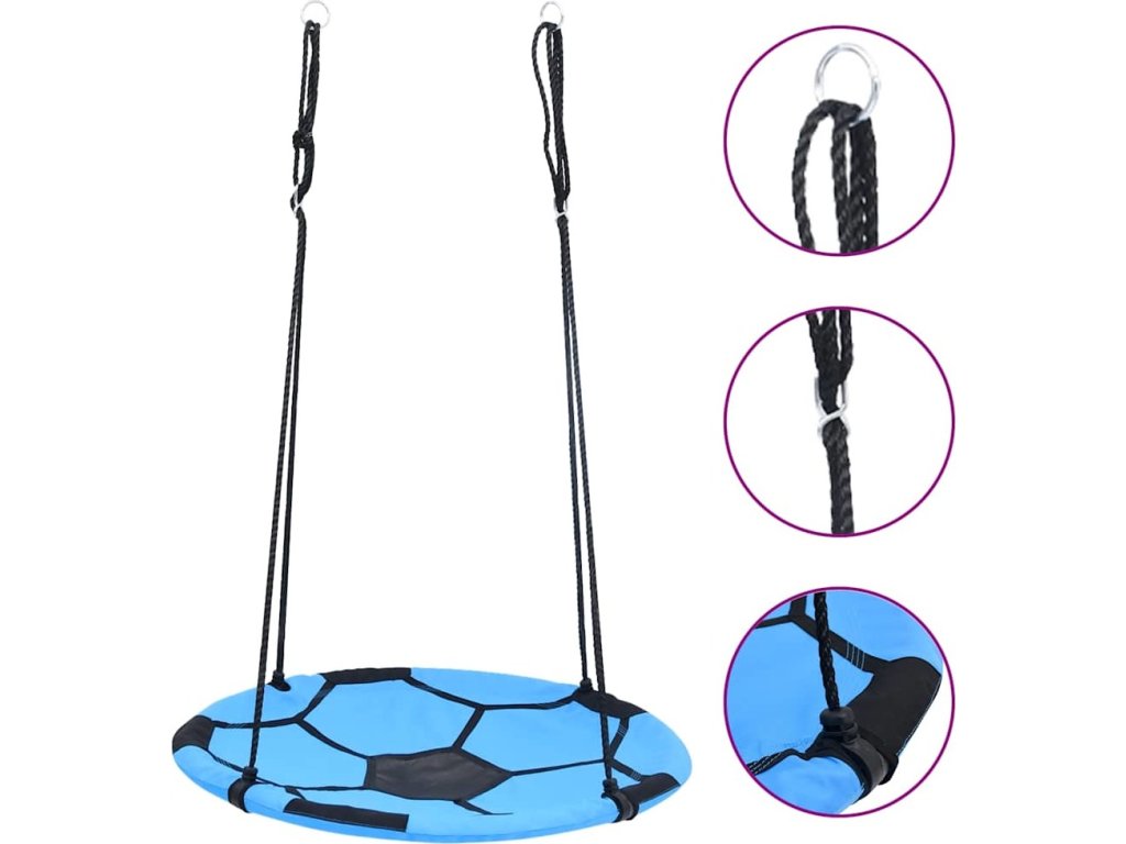 Tato houpačka na strom je vyrobena z ocelového rámu pokrytého polstrováním z měkké pěny, díky čemuž je robustní a pohodlná. Sedačka ve fotbalovém provedení je vyrobena z voděodolné textilie Oxford odolné proti opotřebení, která má lepší nosnost. Každé nastavitelné závěsné lano má spojku pro pevné spojení houpačky, zatímco čtyři body závěsu zajišťují stejnou tažnou sílu pro udržení rovnováhy a zajištění bezpečnosti.
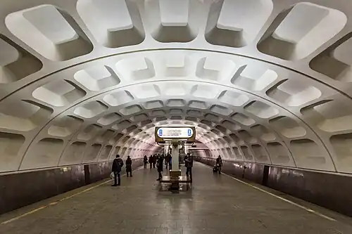 Krasnogvardeyskaya (Russian: Красногварде́йская) is a Moscow Metro station in the Zyablikovo District, Southern Administrative Okrug, Moscow. It is on the Zamoskvoretskaya Line, between Domodedovskaya and Alma-Atinskaya. Krasnogvardeyskaya opened on 7 September 1985 and was named after the former Krasnogvardeysky district.
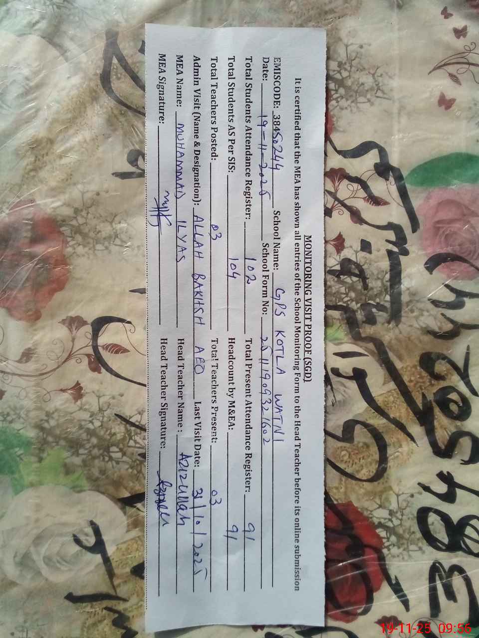 | Attendance Register | Head Teacher | MEA with School | Visit Proof |
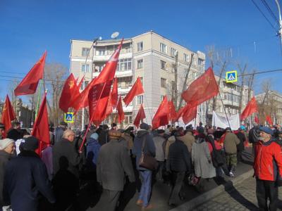 Затем, сформировав колонну, участники мероприятия двинулись по улице Карла Маркса к памятнику В.И. Ленину, где состоялся митинг-концерт. Во главе колонны ехала тачанка с экипажем из красноармейца и матроса «Авроры», в образе которых предстали иркутские коммунисты.
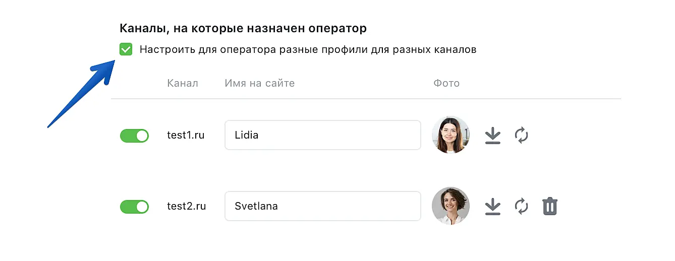 Вы можете настроить разные имена и загрузить разные фото для каждого из сайтов. Для этого включите опцию "Настроить для оператора разные профили для разных каналов".

::::

Starting at the first line of the data, set down each line exactly until you have copied the line with "Krasnogvardeyskaya (Russian: Красногварде́йская)", but leave the pictures out.

 Tato houpačka na strom je vyrobena z ocelového rámu pokrytého polstrováním z měkké pěny, díky čemuž je robustní a pohodlná. Sedačka ve fotbalovém provedení je vyrobena z voděodolné textilie Oxford odolné proti opotřebení, která má lepší nosnost. Každé nastavitelné závěsné lano má spojku pro pevné spojení houpačky, zatímco čtyři body závěsu zajišťují stejnou tažnou sílu pro udržení rovnováhy a zajištění bezpečnosti.
 Krasnogvardeyskaya (Russian: Красногварде́йская) is a Moscow Metro station in the Zyablikovo District, Southern Administrative Okrug, Moscow. It is on the Zamoskvoretskaya Line, between Domodedovskaya and Alma-Atinskaya. Krasnogvardeyskaya opened on 7 September 1985 and was named after the former Krasnogvardeysky district.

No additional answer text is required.